_TASK PROMPT_:
Find how many lines below hold "Casa", then state that number by itself.

_GIVEN MATERIAL_:

--------------------

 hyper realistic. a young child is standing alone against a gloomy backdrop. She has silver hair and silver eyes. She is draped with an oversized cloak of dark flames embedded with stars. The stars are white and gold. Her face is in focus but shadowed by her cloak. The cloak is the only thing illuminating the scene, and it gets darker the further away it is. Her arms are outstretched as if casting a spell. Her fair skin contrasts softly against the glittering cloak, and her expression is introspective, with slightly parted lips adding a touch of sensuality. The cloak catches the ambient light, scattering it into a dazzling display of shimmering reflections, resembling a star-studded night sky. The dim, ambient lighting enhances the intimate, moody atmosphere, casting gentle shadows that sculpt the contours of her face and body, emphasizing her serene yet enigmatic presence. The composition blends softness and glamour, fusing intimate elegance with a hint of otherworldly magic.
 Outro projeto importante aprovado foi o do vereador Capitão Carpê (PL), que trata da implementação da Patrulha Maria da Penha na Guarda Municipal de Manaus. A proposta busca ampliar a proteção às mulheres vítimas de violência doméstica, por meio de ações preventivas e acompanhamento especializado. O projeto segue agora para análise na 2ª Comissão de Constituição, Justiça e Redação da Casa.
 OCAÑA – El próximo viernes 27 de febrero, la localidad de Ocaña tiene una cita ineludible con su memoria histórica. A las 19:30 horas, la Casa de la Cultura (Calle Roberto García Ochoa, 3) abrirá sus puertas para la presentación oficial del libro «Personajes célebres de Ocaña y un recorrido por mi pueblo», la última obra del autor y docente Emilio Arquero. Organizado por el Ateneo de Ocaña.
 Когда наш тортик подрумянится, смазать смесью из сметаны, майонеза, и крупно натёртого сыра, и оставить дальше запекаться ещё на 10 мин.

--------------------

_EXERCISE OUTPUT_:
2